Australia critical infrastructure rules tighten risk
Thu, 2nd Jul 2026 (Today)
Australia's critical infrastructure operators face new risk management obligations under the Enhanced Critical Infrastructure Risk Management Program Rules, extending oversight to artificial intelligence, legacy technology, supply chains and cyber security.
The rules significantly reshape how operators in sectors including energy, water, transport and communications assess and manage risk. They introduce staged obligations across two implementation periods, with one set taking effect in 2027 and a second in 2028.
The Cyber and Infrastructure Security Centre has outlined changes covering AI and emerging technology, legacy and end-of-life systems, insider threats, supply chain resilience and the links between critical and non-critical systems. The first tranche includes additional material risks, patching and legacy technology measures, and initial personnel measures. Later requirements cover cyber framework maturity uplift, phishing-resistant multi-factor authentication, lateral movement controls and supply chain measures.
Jeremy O'Donohue, Managing Director, State Government and Critical Infrastructure, Kinetic IT, said the phased structure means operators should not treat the later deadline as the real starting point.
"These rules reset the baseline for how critical infrastructure operators are expected to manage risk. The smart move is not to wait for the 2028 obligations to arrive, but to read the staged requirements now, understand which tranche applies when, and build capability progressively. Operators who treat the mid-2027 and mid-2028 dates as a single deadline will find themselves doing in months what should have been done over two years," O'Donohue said.
Overlapping risks
The shift comes as many operators update digital systems while continuing to run older technology and manage large supplier networks. In that environment, cyber risk and operational risk are increasingly hard to separate.
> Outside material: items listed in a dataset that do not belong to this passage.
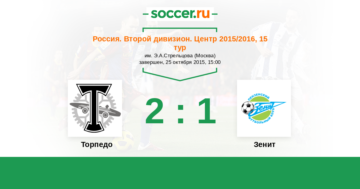 Россия. Вторая лига. Группа 3 03.08.2015 Зенит Логотип футбольный клуб Зенит (Пенза) 3:0 Логотип футбольный клуб Торпедо (Москва) Торпедо
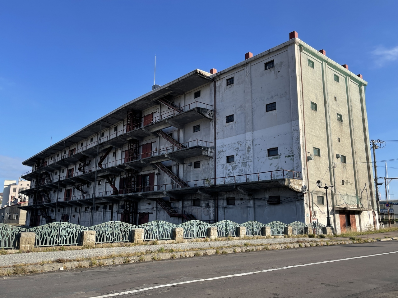北運河の竜宮橋そばにある建物で、朝付近を散策中に通りました。シンプルな外観ですが、製品を運河へ搬出するためのスパイラルシュートやエレベーターなど機能的な設計がされ、当時として画期的だったと思われます。ただ、半分廃墟のような感じでこのままでは朽ちてしまうのではと心配になりました。
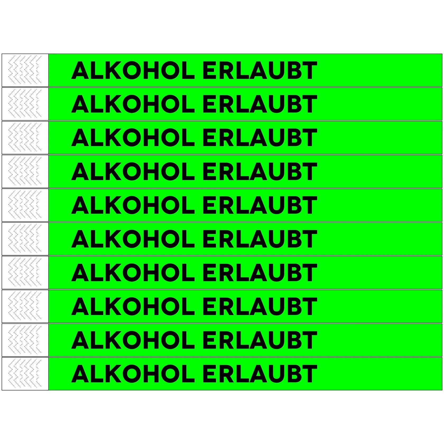 Tyrex Einlassbänder Neongrün - Sichere Altersverifikation 'Alkohol erlaubt' für Events
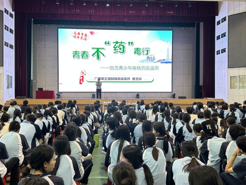 活动现场,广西第五强制隔离戒毒所教育科二级警长唐玉娇以“青春不‘药’毒行”为题,从同学们身边常见的药品入手,借助图文并茂的PPT、真实案例视频以及互动有奖问答等多种形式,深入浅出地讲解了麻精药品的相关知识。“什么是药物滥用?适量为药,过量成毒。”唐警长特别指出,安眠药、减肥药、止咳糖浆等常见的药品在适量使用时是治病救人的良药,但一旦被滥用或过量使用,便可能沦为毒品,对身体和精神造成严重损害,包括成瘾性、身体机能障碍、精神障碍等,她提醒同学们务必提高警惕,遵循医嘱合理用药,避免陷入毒品陷阱。为了加深同学们的理解,现场还设置了有奖问答环节,同学们积极参与,踊跃回答问题,在轻松愉快的氛围中进一步加深了对禁毒知识的理解。
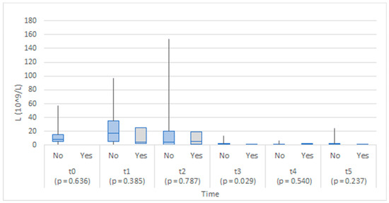 The values of each biomarker by anastomotic leakage at each time point are illustrated in Figure 1, Figure 2, Figure 3, Figure 4 and Figure 5. At each time point, the differences were tested by the Mann–Whitney U test. No statistically significant differences in leukocyte count between the study groups were found at any time point, although there appeared to be a steeper increase in leukocyte count in the anastomotic leakage group one day (t1) after the operation (Figure 1).
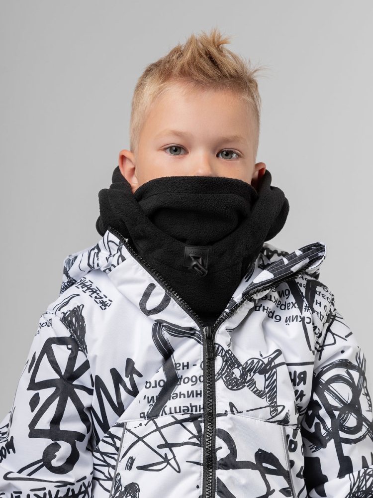 Материал флис Состав 80% полиэстер 20% хлопок Стильная шапка-капюшон утепленный с хлопоковой подкладкой. Благодаря удлиненной манишке сочетает в себе тёплую шапку и шарф, плотно садится по голове ребёнка и закрывает уши. Подходит для весны/осени. Состав: флис 80% полиэстер 20% хлопок
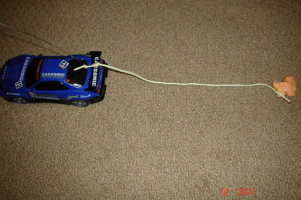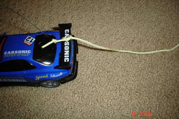 Tome extremo con el nudo y atar al ala del coche. Si no tienes un ala, atar a tope, perfore agujeros,
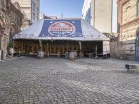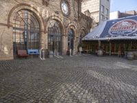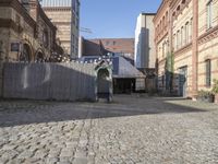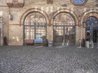 A classic brick building with an arched entrance stands in the courtyard of a neighborhood in Berlin, Germany. Cobble stone flooring, trees, and open space make it an ideal spot to eat out, take a vacation, or explore the city life and urban design of this historic European capital.
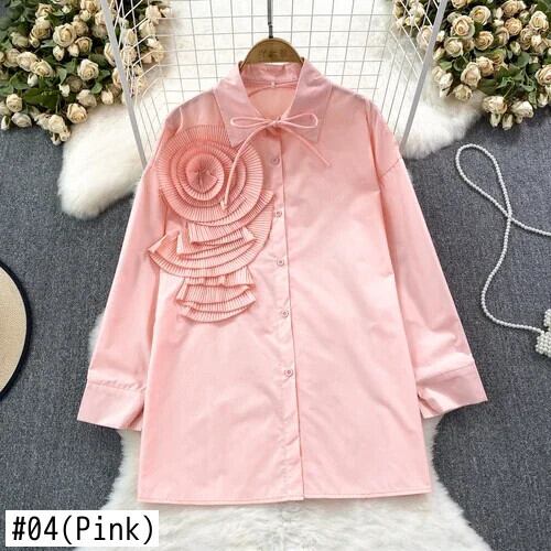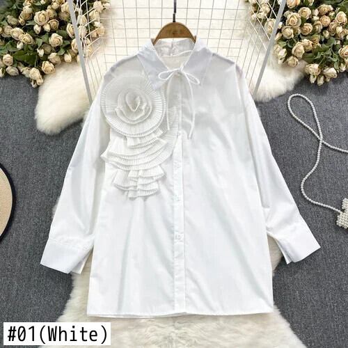 3D シャーリング大花シャツ長袖高級プリーツ花柄ブラウスストリートシングルブレストカーディガントップス ロング フラワーデザイン
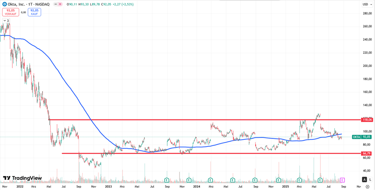 Die Aktie bewegt sich seit Monaten in einer breiten Range zwischen 67 und 120 USD. Ein wenig wie ein Schiff, das auf offener See treibt, ohne klaren Kurs. Aktuell notiert Okta knapp unter der 200-Tage-Linie und zeigt damit relative Schwäche gegenüber anderen Techwerten. Somit bin ich vorsichtig, weil mir relative Schwäche als Warnsignal dient.
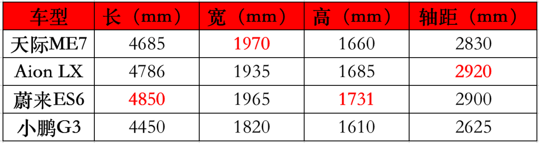 与广汽新能源Aion LX和蔚来ES6一样,天际ME7同样定位中型SUV,但是车身尺寸和轴距都比这两者小,比定位紧凑型SUV的小鹏G3则要大一圈。实际乘坐感受与数据显示基本一致,天际ME7的前排空间足够宽大,特别是横向空间表现不错;其后排腿部空间虽然不算局促,但比蔚来ES6和Aion LX稍微窄一点。另外,虽然天际ME7轿跑SUV的造型令它的车身高度偏低,但其后排的头部空间还算比较充裕。

"Risk rarely sits in one part of the organisation. What stands out in these reforms is how difficult it is becoming to separate cyber risk from operational risk, and the rules now expect operators to manage that overlap deliberately rather than treating each hazard in isolation," O'Donohue said.
That overlap is central to the revised approach. Risks that appear distinct on paper, such as AI adoption, supplier exposure, insider threats and obsolete technology, can combine in ways that increase the chance of disruption to essential services.
O'Donohue said the traditional boundaries many organisations use to classify threats are becoming less useful as systems become more connected.
"This is especially important for organisations that deliver essential services. A weakness in a supplier environment can become a cyber security issue. A cyber incident can become a service delivery issue. And an operational failure can become a public confidence issue. The boundaries organisations have traditionally drawn around these risks are becoming less useful," O'Donohue said.
Beyond compliance
For operators, the new rules bring an obvious compliance burden, but they also reflect a broader push to test whether organisations understand how disruption could spread across systems, partners and frontline services. The focus is not only on preventing incidents, but also on understanding dependencies and maintaining continuity when failures occur.
Kinetic IT's Sovereign Technology Report found that government and critical infrastructure leaders are under pressure to modernise systems, improve resilience, strengthen cyber defences and prepare for AI adoption while keeping essential services running. It also pointed to growing attention on accountability, operational continuity and response arrangements in high-consequence environments.
"For organisations managing critical assets across energy, water, transport and communications, this is an opportunity to think about resilience differently - not as a collection of controls, but as an organisational capability that spans technology, people, partners and operations," O'Donohue said.
Implementation window
The staggered timetable gives operators time to review their exposure and decide where early work is most urgent. That may include identifying legacy systems that are difficult to patch, mapping critical suppliers, reviewing access controls and testing whether cyber and operational teams share the same view of core risks.
Organisations that delay, however, may face a compressed program of work as the first obligations draw nearer. The design of the rules suggests regulators expect operators to use the transition period to build a more complete picture of how service disruption could affect communities and public confidence.
"The timeline is realistic if organisations start now. With the first obligations landing in mid-2027 and the cyber framework and supply chain measures following in mid-2028, there is room to do this well, but only for those who begin early. The organisations that will be in the strongest position are those that use this moment to develop a clearer picture of where disruption is most likely to have real-world impact on services, communities and public trust," O'Donohue said.
"For critical infrastructure operators, the value of the Enhanced CIRMP Rules will not be measured by compliance alone. It will be measured by whether organisations can keep essential services running when conditions are difficult," O'Donohue said.